Шаг, еще один. И еще. Вздох. Шаг. Еще шаг. Вздох.
Чертова смена началась…
* * *
Всех, кто был хоть как-то причастен к операции по освобождению Стаса, основательно потрясли на допросах и отправили в комплексы для душевнобольных. И Жаквина Уиндела, и санкционеров-безопасников, и офицеров пятой отдельной эскадры сил космической обороны, которые имели допуск к секретным данным по миру Игреков… Приказ был спущен с самых верхов. Командование даже не стало досконально разбираться в ситуации – генералы и адмиралы просто-напросто отсекли возможность нежелательной утечки информации в преддверии назревающего конфликта между Солнечными.
Многих сослали в Антарктиду на Земле, где на российских научно-исследовательских станциях не хватало рабочей силы. Некоторые попали в «Шальные дюны» на Марсе – местечко возле южного полюса планеты, в глубоких штольнях которого добывали оливин; кое-кто загремел на урановые копи Венеры.
А Стаса и Уиндела занесло на самые задворки системы.
Харон никогда не отличался излишним гостеприимством – ни во времена первых колонистов, ни теперь. Бескрайние ледяные пустыни, чернь неба в остром крошеве звезд, далекая искорка Солнца, тлеющая над горизонтом, блеклый полумесяц Плутона и единственная рудная база с дюжиной шахт, станцией связи и взлетно-посадочной площадкой для грузовых судов. Под поверхностью находилась жилая зона, реакторы, перерабатывающий комбинат и отдельные ангары, отведенные для людей с антисоциальным статусом – так называемых антисоцов.
Сюда попадали не только сумасшедшие, как официально утверждалось. Здесь оказывались те, кто, по той или иной причине, становился опасен для цивилизованного общества. Преступники, как уголовные, так и политические; зачинатели государственных смут; саботажники; погоревшие на служебных постах санкционеры и задумавшие крамолу военные. Да и просто «неудобные» системе люди.
Одним словом – антисоцы.
Условия существования на «Хароне-зеро» были воистину чудовищными. Двухразовое питание: завтрак и ужин, состоящие из питательного желе сомнительной свежести и вонючего пойла. Теснота и вечный холод, от которого у многих развивалась пневмония. Отвратительная медицина. Изнурительные рабочие смены по десять-двенадцать часов, в течение которых приходилось вручную долбить мерзлую породу и таскать ее к конвейерной ленте – благо сила тяжести на Хароне была много меньше Земной. Тупоголовые вертухаи и периодические «головомойки» с применением не только психотропных средств, но и обыкновенных шокеров да резиновых дубинок…

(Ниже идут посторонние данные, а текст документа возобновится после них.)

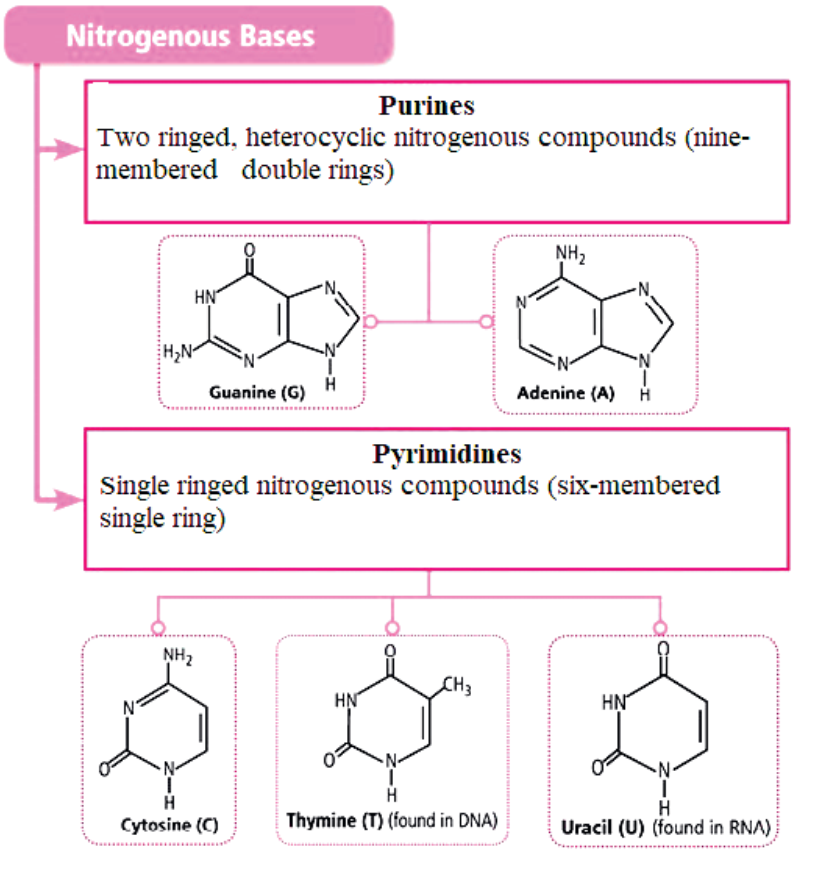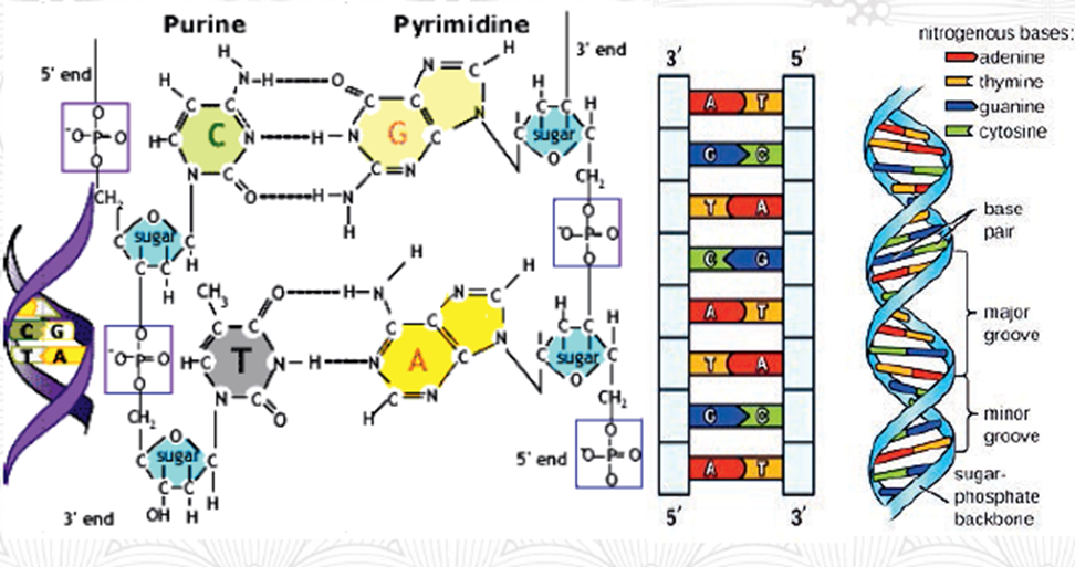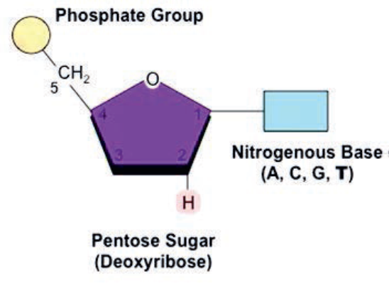 Each nucleotide is composed of a sugar, phosphate group and a nitrogenous base. There are four types of nitrogenous bases. These are: Adenine (A), Thymine (T), Guanine (G) and Cytosine (C). The nitrogen bases belong to the two large chemical families called purine and pyrimidine. The A and G are purines and the C and T are pyrimidine’s. A pairs with T and C pairs with G to form units called base pairs. Each base is also attached to a sugar molecule and a phosphate molecule to form a nucleotide, the building blocks of the DNA called nucleotide.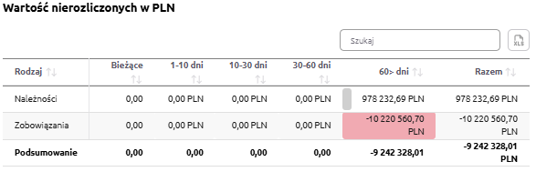 „Wartość nierozliczonych w PLN – tabela” – zestawienie prezentuje zaległe należności i zobowiązania w podziale na okresy przeterminowania. Dla każdej pozycji podawane są wartości w kategoriach: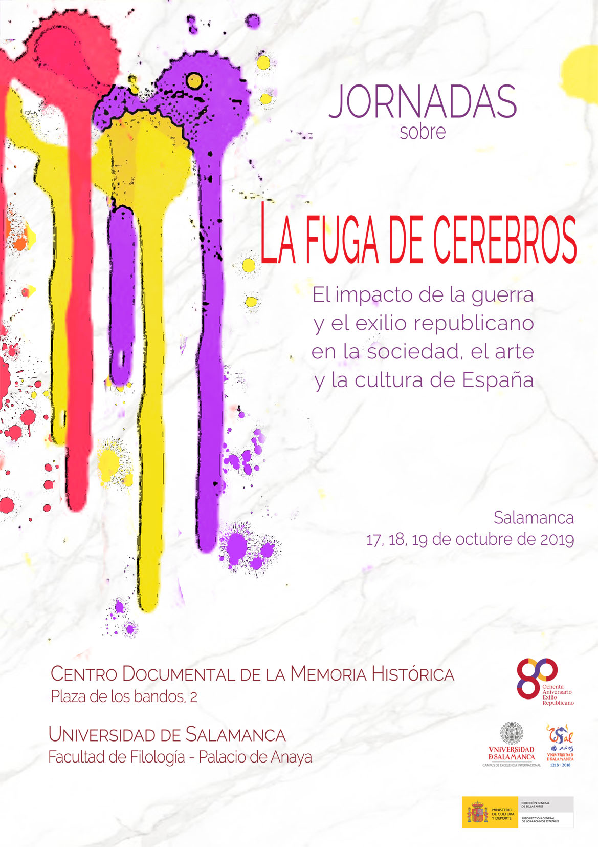 La Universidad de Salamanca (USAL) y el Centro Documental de la Memoria Histórica (CDMH) organizarán, entre el jueves 17 y el sábado 19 de octubre de 2019, las jornadas “La fuga de cerebros. El impacto de la guerra y el exilio republicano en la sociedad, el arte y la cultura de España”.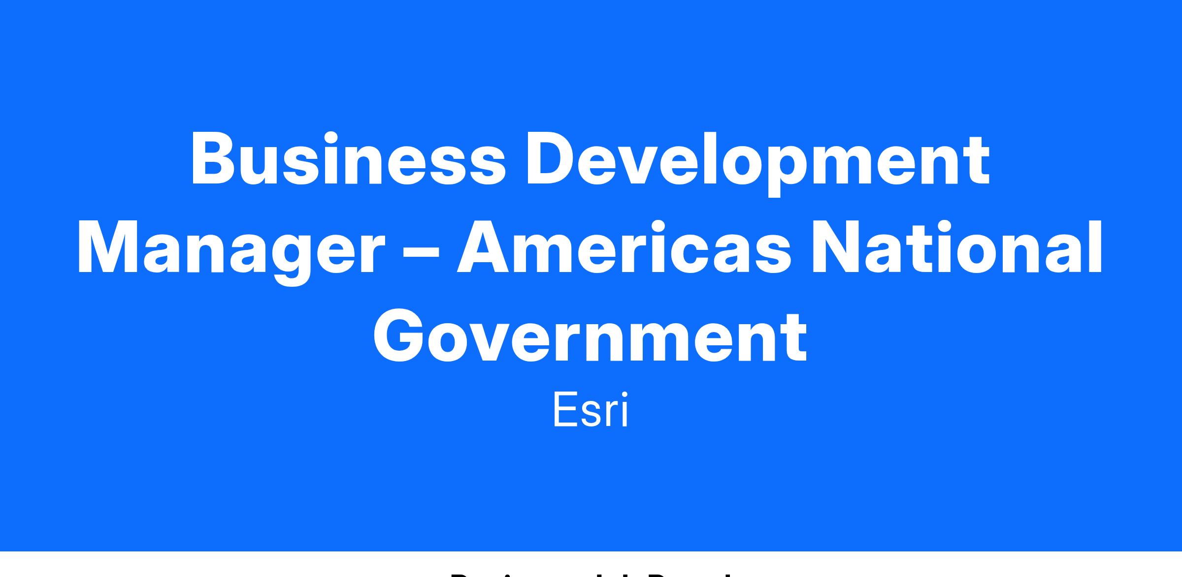At Esri, our Business Development Managers collaborate with distributors and partners to co-sell and promote the adoption of Esri technology. We invite you to utilize your enterprise sales and multi-channel software business development experience to provide geospatial software and solutions to the Latin America region’s national defense, intelligence, and public safety agencies. You’ll work closely with Esri’s distributor network to help customers optimize and expand adoption of Esri technology, identify new areas of growth, and deliver expertise that helps deliver on their mission and vision.
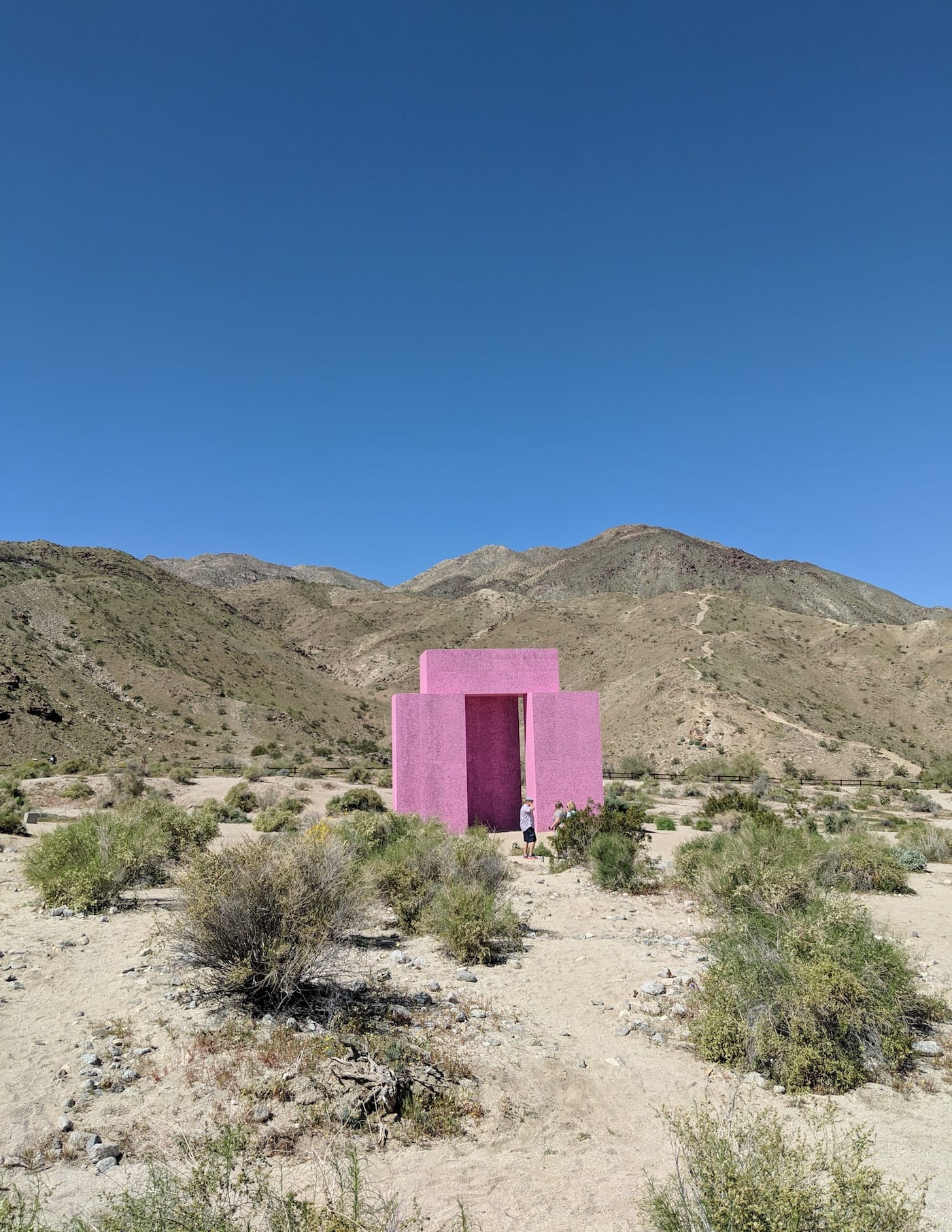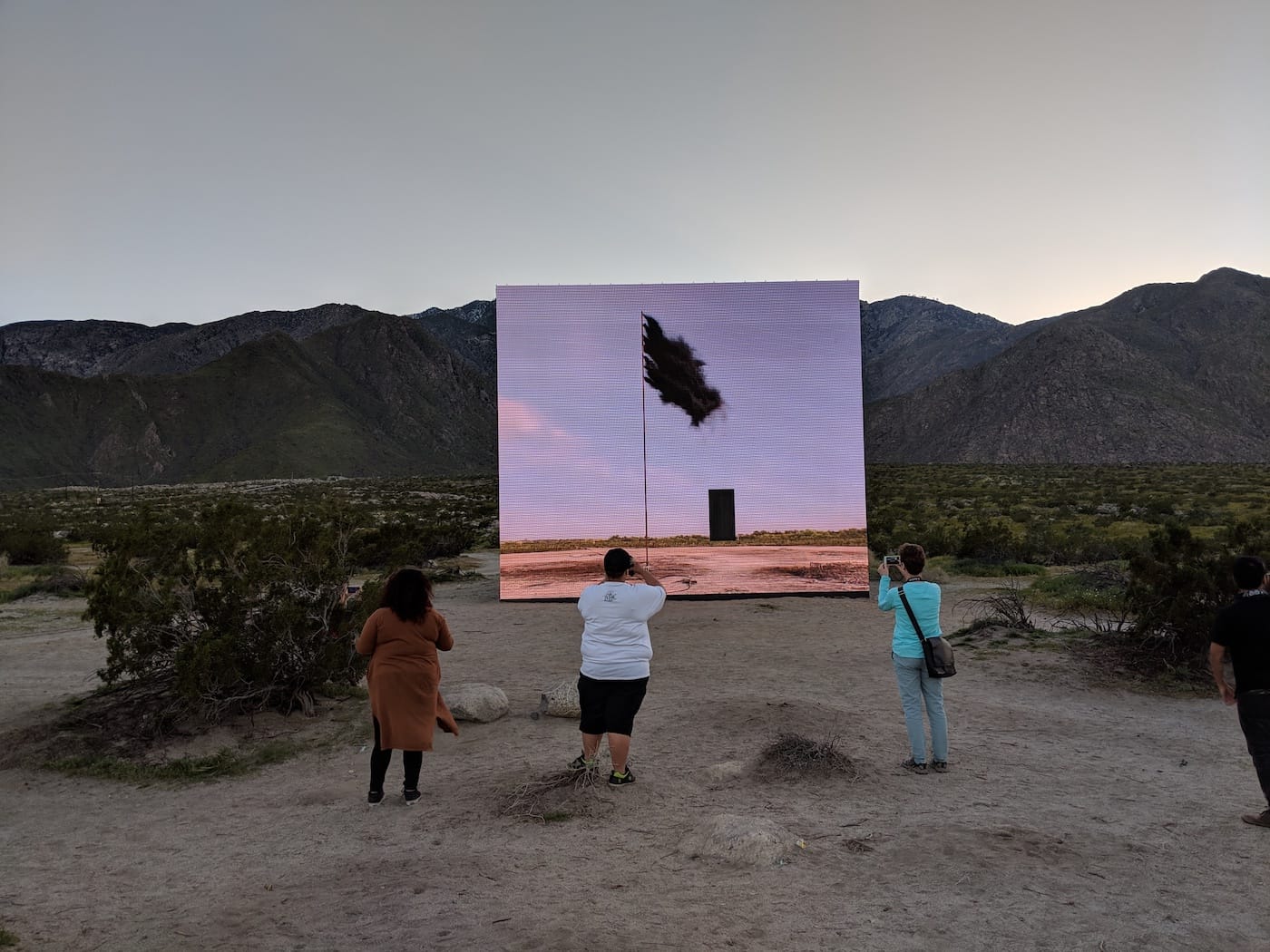 One work at the entrance to Palm Springs, John Gerrard’s “Western Flag” (2017), a gigantic, generator-fueled LED screen showing a flag pole spewing black smoke (made to critique our irresponsible use of resources), was shut off due to cost on March 30. The Wildlands Conservancy rescinded permission for a proposed Jenny Holzer projection at the Whitewater Wildlife Preserve over concerns that it would disturb ailing bighorn sheep. A two-story-high sculpture by the Danish collective Superflex worried residents who live around its location, the Cap Homme / Ralph Adams Park in Palm Desert. Ruth Nolan, a writer and environmental advocate who lives near the park, posted on Facebook as Superflex installed their sculpture “Dive-In”: “They’ve carved out an ugly dirt road through the creosote,” referring to the brush along the park’s floor. The sculpture, colored to match the endangered coral reef and the coral homes in resort-filled Palm Springs, resembles a drive-in theater but also could, hypothetically, encourage the rebuilding of the coral reef if the desert were ever, in the far future, once again turned to sea and the artwork discovered by fish. Rasmus Nielsen of Superflex explained over email, “certain species involved in building coral reefs are attracted to pink and the foam-like structure would constitute the perfect starting point for them to live in.” But the sculpture’s potential effects on species remain unproven, and for now, it is an aluminum monolith in a delicate habitat.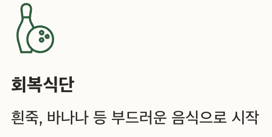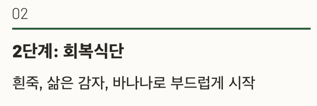 | 2단계: 회복식단 | 흰죽, 삶은 감자, 바나나로 부드럽게 시작 |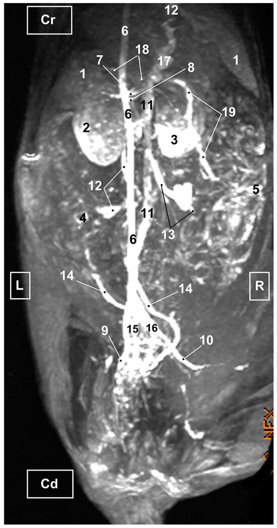 MRI TOF of the abdominal and pelvic arterial and venous system in the cat. Left oblique view. R = Right side. L = Left side. Cr = Cranial. Cd = Caudal. 1. Liver; 2. Left kidney; 3. Right kidney; 4. Left ovary; 5. Right ovary 6. Abdominal aorta; 7. Celiac artery; 8. Cranial mesenteric artery. 9. Left external iliac artery; 10. Right external iliac artery; 11. Caudal vena cava; 12. Left ovarian vein; 13. Right ovarian vein; 14. Left uterine vein; 15. Left common iliac vein; 16. Right common iliac vein; 17. Portal vein; 18. Splenic vein; 19. Cranial mesenteric vein.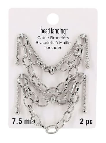 Bead Landing Rhodium Cable Slider Charm Bracelets, 7.5 mm (2 ct)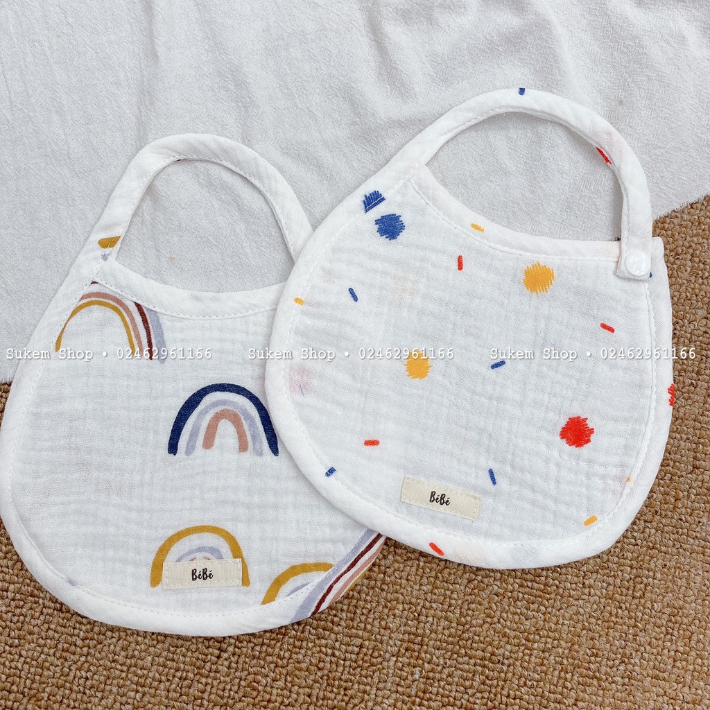 Yếm Cho Bé/ Set 2 Yếm Xô Tròn Sơ Sinh BéBé Mềm Mai Thấm Hút Tổt, Khuy Bấm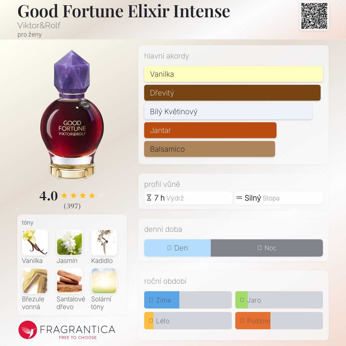 Good Fortune Elixir Intense podle Viktor&Rolf je Orientální Floral vůně pro ženy. Toto je nová vůně. Good Fortune Elixir Intense byl/a uveden/a v roce 2023. Vrchní tón je Kadidlo ; střední tóny jsouJasmín a Solární tóny ; základní tóny jsou Bourbonská vanilka, Březule vonná a Santalové dřevo.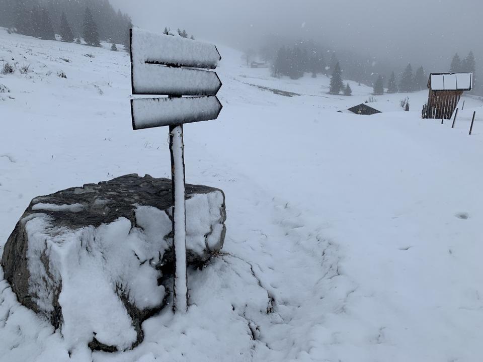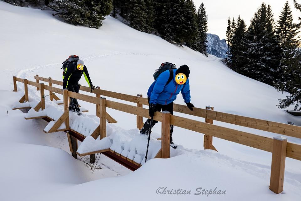 Am Folgetag sollte es wettertechnisch attraktiver werden – mit etwas Neuschnee in der Nacht… und was HATTE es geschneit…:

И сотни миллионов километров космической пустоты вокруг крошечного обледенелого шарика.
Здесь люди либо превращались в зверей, либо погибали. Редко кто мог избежать обеих участей.
Стас обретался на «Хароне-зеро» уже около полугода. Их с Уинделом арестовали спустя сутки после встречи на борту военного корабля СКО. Вместе со всеми членами экипажа и безопасниками.
Около недели Нужного томили в карантине, подвергая всяческим допросам. Он понятия не имел, кто им занимается – безопасники или правительственные санкциры, СКО или кто-то еще…
Затем Стаса, Жаквина Уиндела и еще двух незнакомых офицеров из отдельной пятой эскадры погрузили в трюм спецчелнока и отправили в многодневное путешествие на периферию Солнечной. К пустынному спутнику Плутона – Харону.
За все время полета Нужный сумел лишь единственный раз переброситься с Уинделом словечком, за что незамедлительно получил такую «головомойку», что около полусуток провалялся в палате интенсивной терапии лазарета под присмотром бортового врача.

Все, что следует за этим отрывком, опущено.